So at the end of the day I would finally like to know what would the best procedure for CAS 13605-48-6 be? If it is the procedure previously described and referred to the Sydney bust, how can one optimize the maximum total volume in the flood ( for 35g, the paper indicates 600ml flood, very unpractical and troublesome)? And how can the copper step from the procedurebe skipped (using hcl?)
thanks everyone


----------



## mixxxman

and by the way, because... it sound right now most of the mdp2p from this new pmk glycidate it make me a dark and not very clear oil...
some people have few tips ?
cause i would like to know, after the conversion what is the best to extract this ketone.
which kind of solvent can i use to clean my oil ?
few method to make it more clear and pure ? ( distillation ? freezer ? washing with saturated nahco3 ?


----------



## Fring

mixxxman said:


> and by the way, because... it sound right now most of the mdp2p from this new pmk glycidate it make me a dark and not very clear oil...
> some people have few tips ?
> cause i would like to know, after the conversion what is the best to extract this ketone.
> which kind of solvent can i use to clean my oil ?
> few method to make it more clear and pure ? ( distillation ? freezer ? washing with saturated nahco3 ?

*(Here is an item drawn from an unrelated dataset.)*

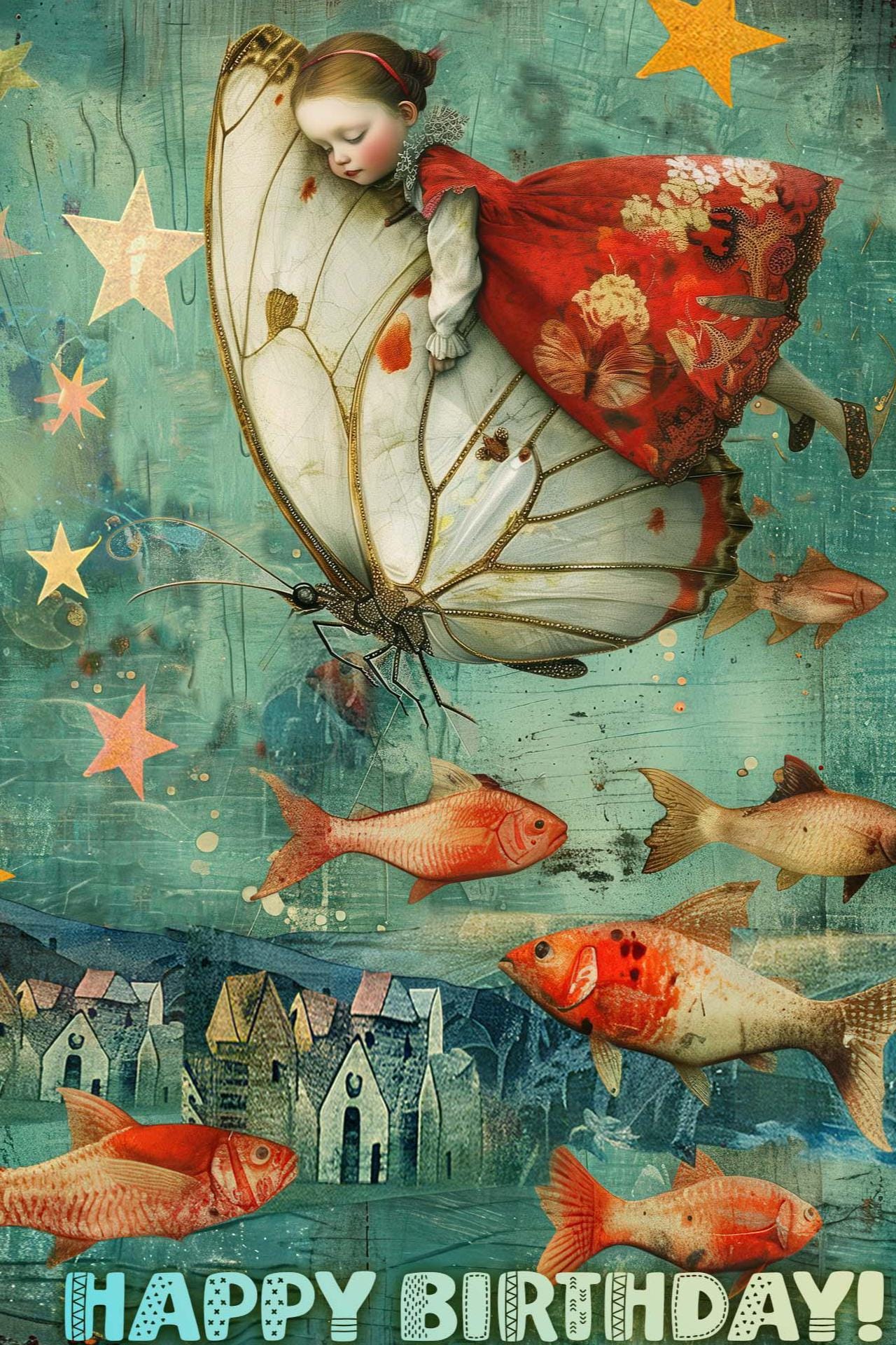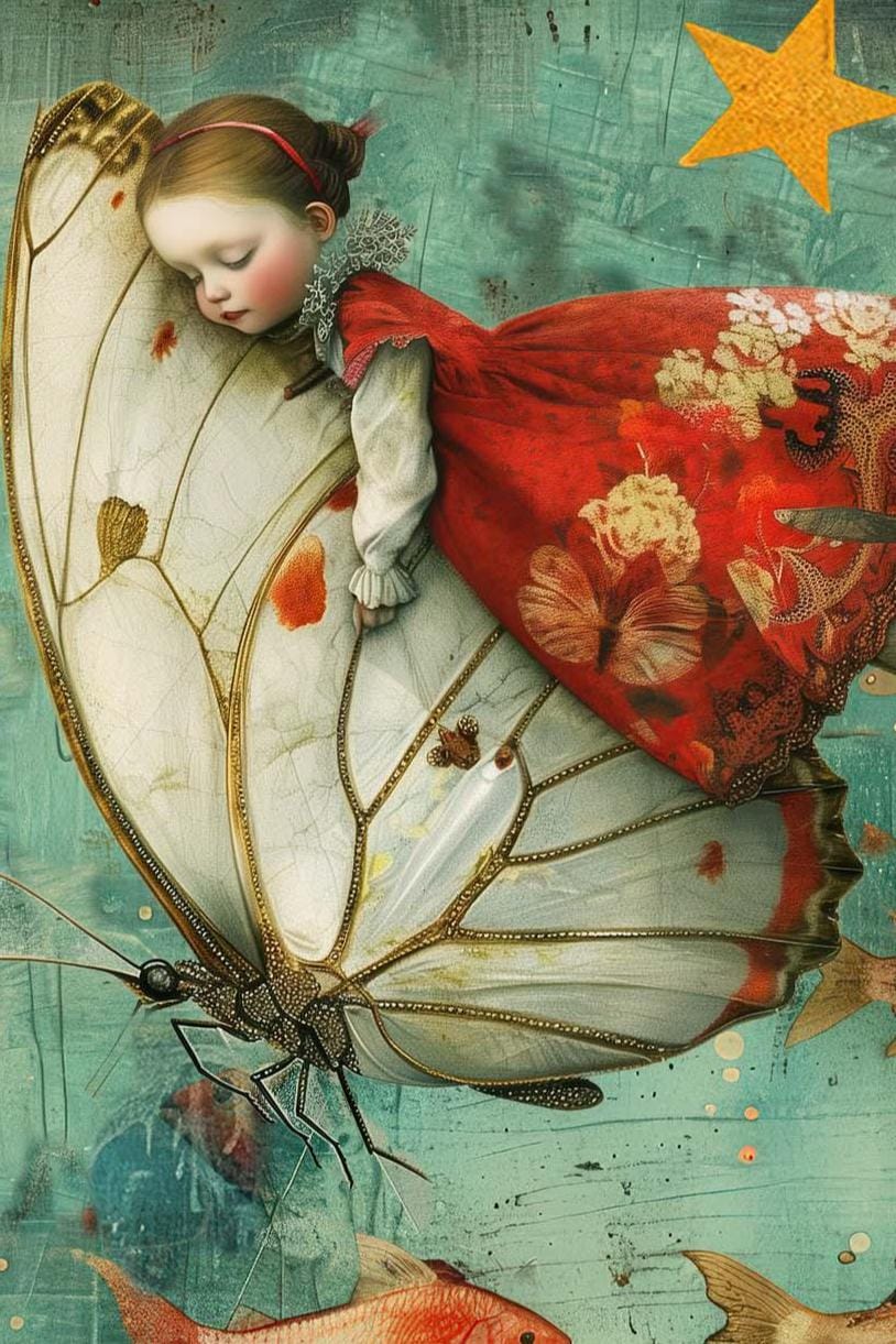 On the front, a little girl in a flowing red dress drifts peacefully through the stars, holding on to the delicate wings of a giant white butterfly. Her eyes are closed in sleep, lost in the beauty of the dream. Below her, a flock of red fish soars through the air, gliding silently over an old town bathed in moonlightโescorting her through the night like guardians of her imagination.

mixxxmanwhy you all guys want to have a non dark oil? whats the matter? this is different pre-precursor, so the result is different...dark red oil... the goal is to have a clean and non dirty oil, following the descibed method (base-acid) the vacuum distill... the result is DIFFERENT, not the same GLY as before guys... so not the same colour...


----------



## PepitoPistol

Fring said:


> why you all guys want to have a non dark oil? whats the matter? this is different pre-precursor, so the result is different...dark red oil... the goal is to have a clean and non dirty oil, following the descibed method (base-acid) the vacuum distill... the result is DIFFERENT, not the same GLY as before guys... so not the same colour...



FringVisual aspect of a substance is characteristic of it, if there is a notable difference then it might mean it has high amount of contaminants. Do you vacuum distill the ketone? Or just remove the water?
I’m waiting for some PMK ethyl gly…


----------



## Darkie1990

As i was reading all topics about the PMK-glycidate with CAS: 28578-16-7 to be clear it can come in powder and in oil substance which can get hard under 33*C. All methods above is about the oil/wax substance.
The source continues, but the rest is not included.